Irreversible myocardial necrosis due to prolonged ischemia (STEMI vs NSTEMI)

What is STEMI?

ST elevation MI, complete blockage of a coronary artery

What is a NSTEMI?

non-ST elevation myocardial infarction, from a Mural Thrombus with potential to Embolize.

(partial blockage of smaller area of ischemia)

What is the pathophysiology of a myocardial infarction?

• Atherosclerosis leads to plaque rupture and then thrombus formation.
• The coronary artery has occlusion (blockage of artery), leading to myocardial ischemia, which would lead into
• Cell injury, eventually necrosis, and then decreased cardiac function

What is the clinical manifestation of MI?

• Chest pain (angina)
• Dyspnea
• Diaphoresis
• Nausea
• Anxiety
• Fatigue

What do lab tests look for in Myocardial Infarction?

• Increased troponin
• Increased CK-MB
• ECG changes, ST elevation/depression
• Echo abnormalities

What are the risk factors for MI?

CAD, HTN, DM, Smoker, Hyperlididemia, PHx of CAD < 55 yo

• obesity, age, etc

What is troponin

a protein found in the heart muscle. It is released into the bloodstream when the heart muscle is damaged, such as during a heart attack

What is dyslipidemia?

abnormal amount of lipids in the blood

What do lipoproteins do?

they carry various lipid (triglycerides)/cholesterol components to tissues

What does LDL do?

transports cholesterol to cells

• LDL is absorbed by tissues and 70% is returned to the liver

What does HDL do?

HDL circulates to the tissues and takes up excess free cholesterol and takes it back to the liver

What are the two types of dyslipidemias?

Primary (genetics), and secondary (lifestyle, etc.)

What can secondary dyslipidemia stem from?

Diet, obesity, sedentary lifestyle, diabetes

What can contribute to atherosclerosis?

High LDL and low HDL

What is ventricular fibrillation?

Chaotic, disorganized ventricular electrical activity, which causes no effective contraction, and eventually no cardiac output

What are the causes of ventricular fibrillation?

• Acute myocardial Ischemia/Infarction
• Electrolyte imbalances (increase in potassium, decrease in magnesium)
• Heart failure, cardiomyopathy
• QT prolongation, drug toxicity, electrocution

What is the pathophysiology of Ventricular Fibrillation?

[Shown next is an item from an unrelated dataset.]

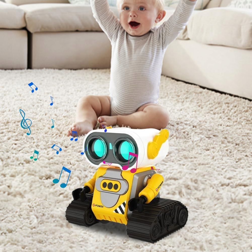 Коли ви вмикаєте робота, його смішні великі очі світяться, завдяки чому він виглядає ще симпатичніше вночі. Цей робот може співати різні пісні за допомогою музичної кнопки. У демонстраційному режимі він буде обертатися на 360 градусів і танцювати на своїх гнучких руках. Він також має різнокольорові, автоматично змінювані вогники в очах, що робить його неймовірно милим.

• Multiple ectopic foci in ventricles firing rapidly and asynchronouslyq
• No organized depolarization, causing no pulse or perfusion, leading to cardiac arrest

What is the ECG for Ventricular Fibrillation?

No P, QRS, or T waves

• Irregular, chaotic baseline ("bag of worms" appearance)

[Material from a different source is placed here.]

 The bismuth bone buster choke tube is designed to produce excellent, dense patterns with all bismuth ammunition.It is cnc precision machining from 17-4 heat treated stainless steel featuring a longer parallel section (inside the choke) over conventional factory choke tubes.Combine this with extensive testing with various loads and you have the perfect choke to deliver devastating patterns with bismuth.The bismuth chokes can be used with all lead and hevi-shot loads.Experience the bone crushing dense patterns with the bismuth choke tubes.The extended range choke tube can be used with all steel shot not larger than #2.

What is the treatment for ventricular fibrillation?

Immediate defibrillation + CPR

• Correct underlying cause after ROSC

What is ROSC?

Return of spontaneous circulation during arrest,
Revascularize and fix the electrolytes within the patient

What are the phases of MI with Ischemia on EKG?

(reversible) ST depression, T-wave inversion, due to transient O2 deprivation

What does an injury MI on an EKG look like?

(acute, potentially reversible), ST elevation with a STEMI pattern
this would indicate acute, transmural damage (blood vessel damage)

What does an infarction look like on an EKG?

(necrosis, irreversible) Pathologic Q waves, which would indicate dead myocardium, no depolarization

What does a 1st Degree AV Block consist of?

PR interval > 0.20s (constant), with a delay in AV nodal conduction

what does 2nd degree AV Block - Type I Mobitz I (Wenckeback) consist of?

Progressive PR lengthening leading to dropped QRS, due to fatigue of AV node

what does 2nd degree AV Block - Type II Mobitz II consist of?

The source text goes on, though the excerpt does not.